Insurance

Auto insurance TV ads more creative; direct mail lagging

Friday, August 13th, 2010

While I follow the insurance direct marketing industry, I can’t help but feel a little envious of what I’m seeing on television. At least in the Chicago area, where I sit between the two largest auto insurers Allstate and State Farm, I seem to be seeing more auto insurance commercials.

Earlier this year, Advertising Age reported that in 2009, GEICO out-spent the next highest auto insurance advertiser, Progressive, by more than 60 percent. Both State Farm and Allstate, who spend on parity with each other, spent less than half that of GEICO.

Progressive
Progressive’s concept of an insurance company as a consumer package goods superstore is continuing with Pickles, the dog, teaming up with Flo to provide a comparative quote. You can’t go wrong featuring a cute animal. Flo is now playing second banana and providing a voiceover as the commercials end with a shot of Pickles in charge.

GEICO
The Gecko has a long history with GEICO and his new commercials take advantage of his steady development as a spokesperson. No longer is he casually talking about pie and chips to a real gecko, as he did in one of his first commercials. Now he is talking in front of conference audiences with all the giveaways branded in his likeness. Like Progressive’s Flo, GEICO is capitalizing on a developed brand image.

Esurance
Still working to develop an image, Esurance seems to have placed secret agent Erin into deep cover as they now use a small group of dedicated employees who talk about their interactions with Esurance customers. Whether it’s The Saver or the Coverage Counselor, this cast of spokespersons grabs attention by playing out short stories on the experiences of being an Esurance customer.

Both of today’s leading auto insurers stick with the real life spokesperson format. Together, State Farm and Allstate challenge Progressive and GEICO’s messages of saving money and fast quotes.

State Farm
State Farm has developed its spokesman into the customer’s friend who reminds them to check whether their friends and family are one of 40 million State Farm customers.
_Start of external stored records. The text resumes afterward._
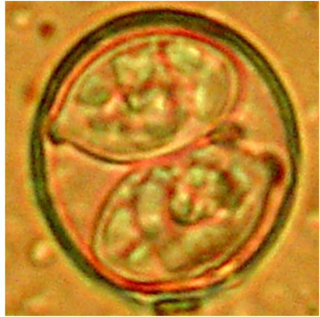
Figure 2. Isospora vanriperorum from Saltator similis . Sporulated oocyst. Saturated sugar solution. 1000X.

yellowish. Micropyle and residuum are absents, but one elliptical polar granule is present. Sporocysts are ovoid, 14.5-20.2 by 8.1-12.5µm (16.3 by 10.8µm), shape index 1.53, with prominent Stieda body, barely discernible Substieda body and residuum centered and granulated.
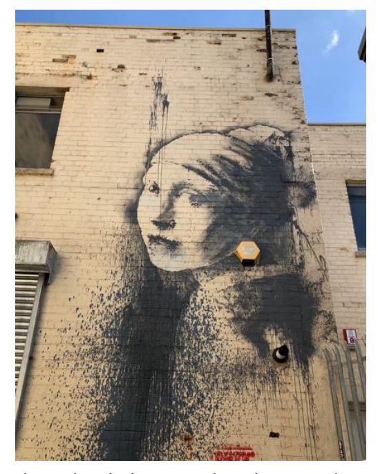
The Girl with the Pierced Eardrum, Banksy
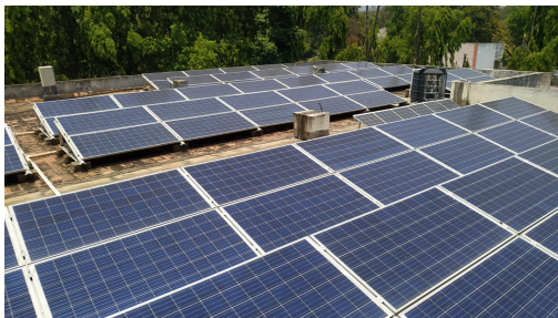
Solar Power Plant at College of Dairy Technology, SVVU, Tirupati
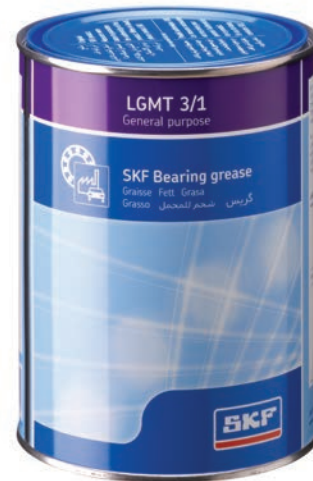
Genuine SKF LGMT 3 Grease Can

Low viscosity of the fake grease (below the required value of 110 mm 2 /s) means a low wear protection causing early bearing failure and consequently increasing a risk of road accident.
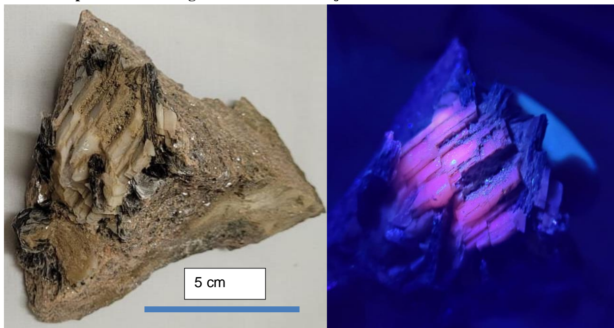
Figure 1. Large spodumene crystal in pegmatite vein (left) and under UV light showing the distinctive pink florescence of this lithium-bearing mineral.
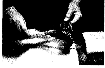
When ready to use, Contain-OR is easily positioned at the connector, the shrink wrap is removed and the sleeve is advanced to the chest tube exit site.

Then he one-ups the competition by telling the audience that State Farm is larger than Progressive and GEICO combined.

Allstate
Similarly, Allstate continues to rely on Denis Haysbert as the spokesperson for most of their commercials. In a new campaign he supports Dean Winters, portraying Mayhem, in a series depicting causes of accidents. Allstate, like State Farm, challenges GEICO’s message by asking if a fifteen minute call could provide the service you get from your personal agent.

It’s clear that these five companies are spending a lot on the development of new brand images. Apparently the money is coming from their print advertising since Adweek recently reported that the auto insurance industry reduced its print spending by 26 percent in 2009. Some of that decrease may include direct mail, which Comperemedia reports as having decreased five percent last year from 2008.
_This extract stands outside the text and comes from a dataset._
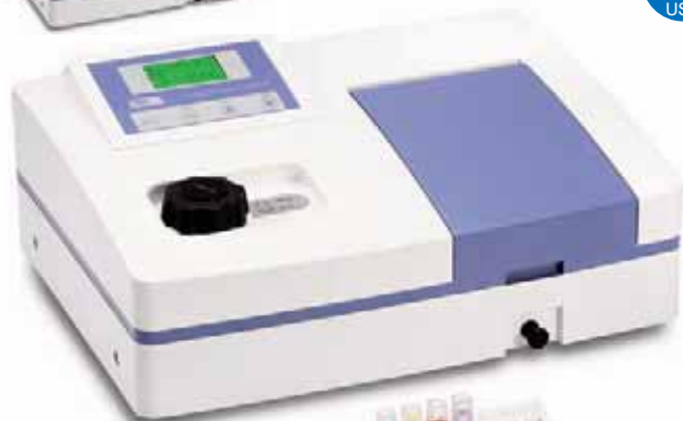
"V-1100" Part no. 4120025

These five companies can be split into two groups when it comes to direct mail strategy. Both Progressive and Esurance have nearly stopped mailing. Of the others, GEICO is still the largest mailer, not segmenting who receives a solicitation, while Allstate and State Farm maintain strong mail levels and utilize their agents to guide the segments on address labels.

When I look at auto insurance direct mail, I’m surprised how different the pieces are from the companies’ commercials. There’s a dysfunctional integrated marketing strategy, a direct marketing channel disconnect. The images these companies are investing in and creating on television are not being leveraged in their direct mail solicitations.

I would think it would be an advantage to incorporate the TV brand images into mail campaigns as a reminder of the company’s brand values. After all, the advantage of advertising is it builds the brand through repetition of a message.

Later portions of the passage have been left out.